Material provided:
Segment Open
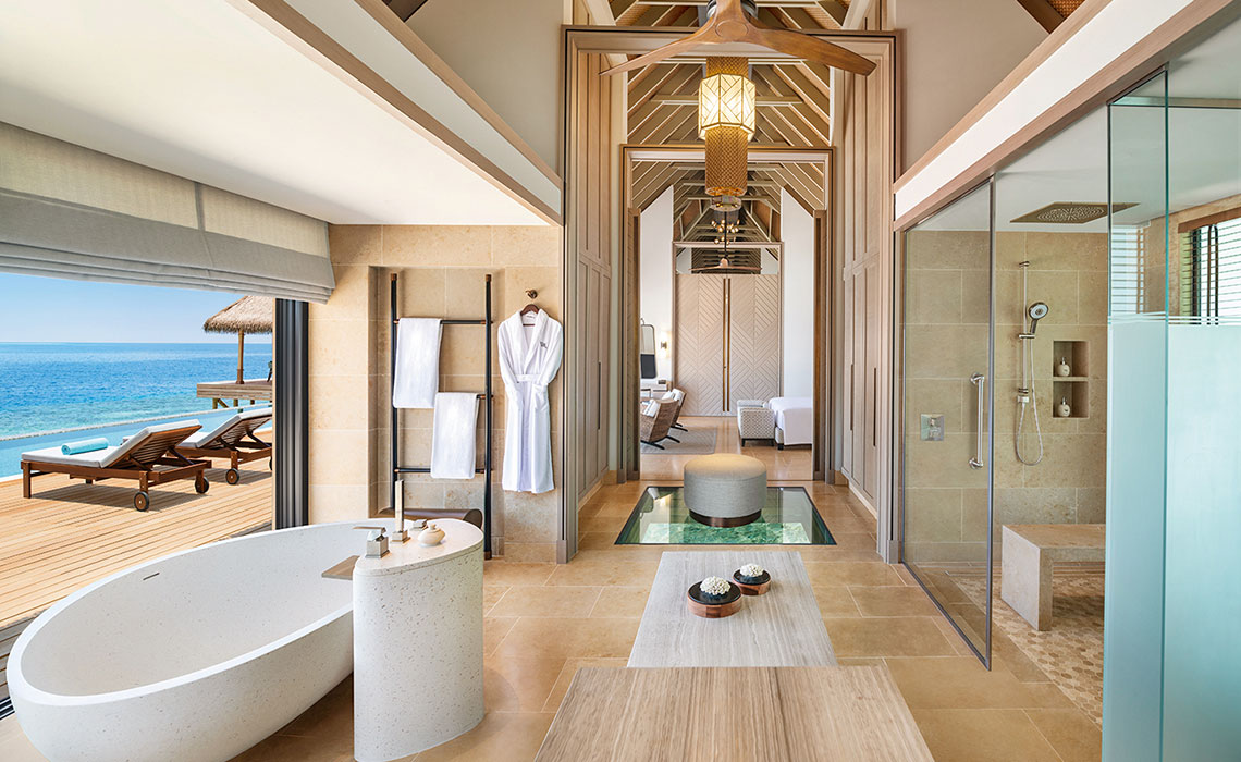 Bei Waldorf Astoria denken Jetsetter sofort an New York – das Traditionshotel am Central Park ist aber derzeit für Renovierungsarbeiten geschlossen. Und überhaupt: Wer will schon nach New York, wenn er auf die Malediven kann? Der Luxus bleibt gleich, nur die Luft ist wärmer. Und es gibt viel mehr Platz. Auf drei Inseln verteilt stehen 119 Strand-, Riff- und Überwasser-Poolvillen, selbst die kleinste davon misst über 230 qm und verfügt über einen zum Meer hin offenen Patio mit Tagesbetten, Infinity-Pool und schilfgedecktem Essplatz. Als exklusive Highlights der Anlage stehen die nur per Boot erreichbaren Stella-Maris-Ocean-Villas zur Verfügung, noch einsamer ist eine Insel mit drei großartigen Villen, eigenem Spa, persönlichem Concierge-Team, privatem Küchenchef und fünf Pools. Wer hier wohnt, wird sein eigenes Heim nicht verlassen wollen. Doch was würde man alles verpassen! Elf unterschiedliche Restaurants mit orientalischer, chinesischer oder gesundheitsorientierter Küche sowie das neu eröffnete ZUMA Restaurant mit traumhaften japanischen Gaumenfreuden. Wellness, Wassersport, Kinderaktivitäten und Hochzeitspavillon – wer das ganze Angebot nutzen möchte, muss mindestens zwei Wochen bleiben. Oder öfter wiederkommen – der Flughafen ist nur eine 40-minütige Yachtfahrt entfernt.
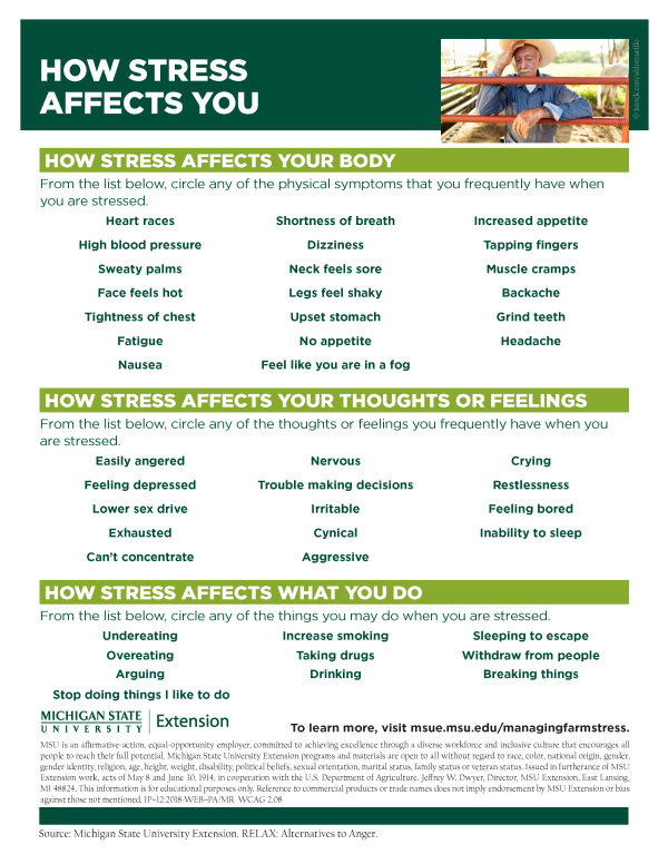 This activity sheet has a list of items detailing various impacts from stress. You can circle the items that apply to you in each section to better understand how stress is affecting you. This resource comes from the MSU Extension program RELAX: Alternatives to Anger.
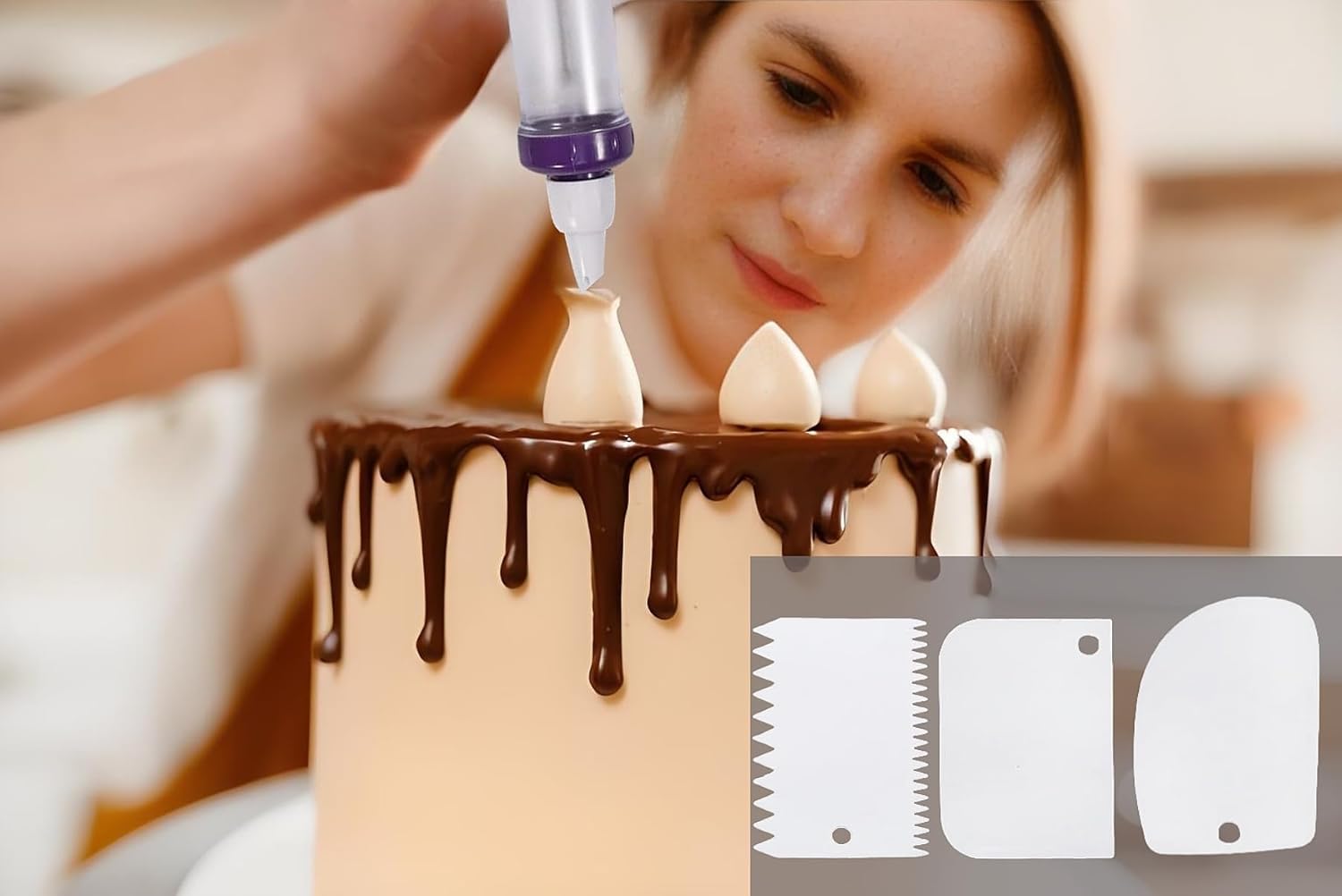 - Our cake icing decoration gun and cake scrapers are made of high quality ABS material, non-toxic, smooth
Segment Closed
Problem description:
Everything but the pictures is needed: copy the data above exactly.

Answer to this problem:
 Bei Waldorf Astoria denken Jetsetter sofort an New York – das Traditionshotel am Central Park ist aber derzeit für Renovierungsarbeiten geschlossen. Und überhaupt: Wer will schon nach New York, wenn er auf die Malediven kann? Der Luxus bleibt gleich, nur die Luft ist wärmer. Und es gibt viel mehr Platz. Auf drei Inseln verteilt stehen 119 Strand-, Riff- und Überwasser-Poolvillen, selbst die kleinste davon misst über 230 qm und verfügt über einen zum Meer hin offenen Patio mit Tagesbetten, Infinity-Pool und schilfgedecktem Essplatz. Als exklusive Highlights der Anlage stehen die nur per Boot erreichbaren Stella-Maris-Ocean-Villas zur Verfügung, noch einsamer ist eine Insel mit drei großartigen Villen, eigenem Spa, persönlichem Concierge-Team, privatem Küchenchef und fünf Pools. Wer hier wohnt, wird sein eigenes Heim nicht verlassen wollen. Doch was würde man alles verpassen! Elf unterschiedliche Restaurants mit orientalischer, chinesischer oder gesundheitsorientierter Küche sowie das neu eröffnete ZUMA Restaurant mit traumhaften japanischen Gaumenfreuden. Wellness, Wassersport, Kinderaktivitäten und Hochzeitspavillon – wer das ganze Angebot nutzen möchte, muss mindestens zwei Wochen bleiben. Oder öfter wiederkommen – der Flughafen ist nur eine 40-minütige Yachtfahrt entfernt.
 This activity sheet has a list of items detailing various impacts from stress. You can circle the items that apply to you in each section to better understand how stress is affecting you. This resource comes from the MSU Extension program RELAX: Alternatives to Anger.
 - Our cake icing decoration gun and cake scrapers are made of high quality ABS material, non-toxic, smooth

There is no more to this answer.